ZlnHAND: standardized lnHAND. Noise areas (2) to (6) are not included.
Ztexture: standardized TEXTURE. Noise areas (2) to (6) are not included.
Cluster15, Cluster40: Cluster number by k-means clustering of 15 and 40 categories using standardized lnSLOPE, lnHAND and TEXTURE of the basin with each polygon area as the weight. The cluster number (1-15 or 1-40) is not common to other basins. A map using this data cannot be merged with different basins. Noise areas (2) to (6) are not included. On some small islands, Cluster40 was omitted.
Gcluster15, Gcluster40: Cluster number by k-means clustering of 15 and 40 categories using standardized lnSLOPE, lnHAND and TEXTURE of the global data with each polygon area as the weight. The cluster number (1-15 or 1-40) is common to other basins. A map using this data can be merged with different basins. Noise areas (2) to (6) are not included.

Properties of the cluster convergence values (CSV, XX_convergence_values_cluster15, XX_convergence_values_cluster40, Global_convergence_values_cluster15, Global_convergence_values_cluster40)

Convergence values for each clustering of ZlnSLOPE, ZlnHAND, Ztexture.

Usage of the dataset

Joining with the cluster file: The cluster file (dBASE IV; Cluster_XX, GlobalCluster_XX) can be joined with the shapefile dataset (Poly_XX) by polyID using GIS software.
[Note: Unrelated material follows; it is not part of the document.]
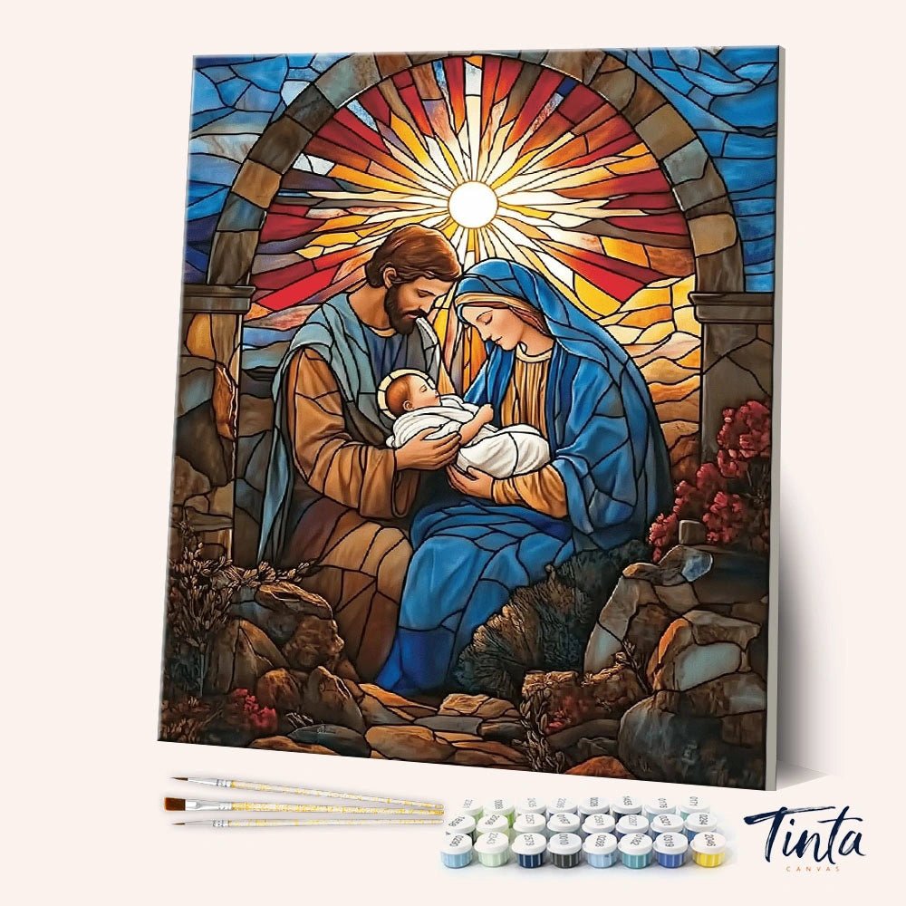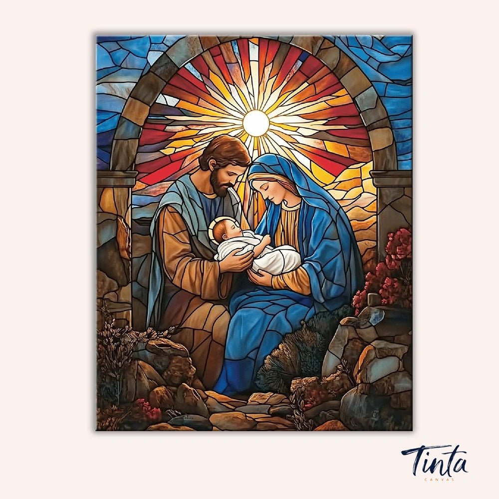 Este kit para pintar por números captura un momento sereno y sagrado en el que María y José acunan al recién nacido bajo la radiante luz de un vitral. Azules suaves, dorados cálidos y delicados tonos tierra se combinan para crear una escena que transmite paz, intimidad y profunda reverencia.

Grouping the cluster: If you feel that the number of clusters (e.g. 40) is too large, you can consider grouping them by your own customized method. Please find ideas for groupings in Iwahashi and Yamazaki (2022).
Use of topographic measurements: you can create an original classification map using attributes within the polygons.
Partial reclassification: Sinks can be used to re-classify plains.In areas where CONVEXITY does not contain noise, its use may enable you to re-classify intermediate slopes.
Use of COMID: COMID (Lin et al., 2019) can be used as a key to join data on the upstream and downstream locations of unit catchments (additional river data of Lin et al. (2019) is needed). The relationship between upstream and downstream in the same unit catchment can probably be determined by the value of lnHAND.

Notes

The DEM reflects the topography at the time of measurement. Due to the nature of MERIT DEM, unevenness may remain in densely built-up areas. Therefore, the classification results are not likely to be the expected ground proxies for man-made altered areas such as reclaimed land or cut-and-fill areas, and areas of dense high-rise buildings.
Since the Noise areas were designated visually, there is a possibility that there may be some oversight or overestimation.
In some areas of brackish lakes and large rivers, the center-line may not be NoDATA, but thin polygons. This is due to the OpenStreetMap used to extract these areas. Since the areas are very small, they do not have obvious influence on clustering, but sometimes they may need to be removed before use.
There are often small polygons at the confluences of valleys.
Terrestrial lands formed after the measurement period of the source DEM of MERIT have an elevation of 0. Therefore, they are classified into the same cluster as low plains. We changed the cluster number to 0 where we noticed it, but some may still exist in the dataset.
Small lakes that are not included in Hydro LAKES (Messager et al. 2016) and OSM Water Layer (Yamazaki et al. 2017) are classified in the same cluster as low plains.
If you find errors in the data, please contact the first author.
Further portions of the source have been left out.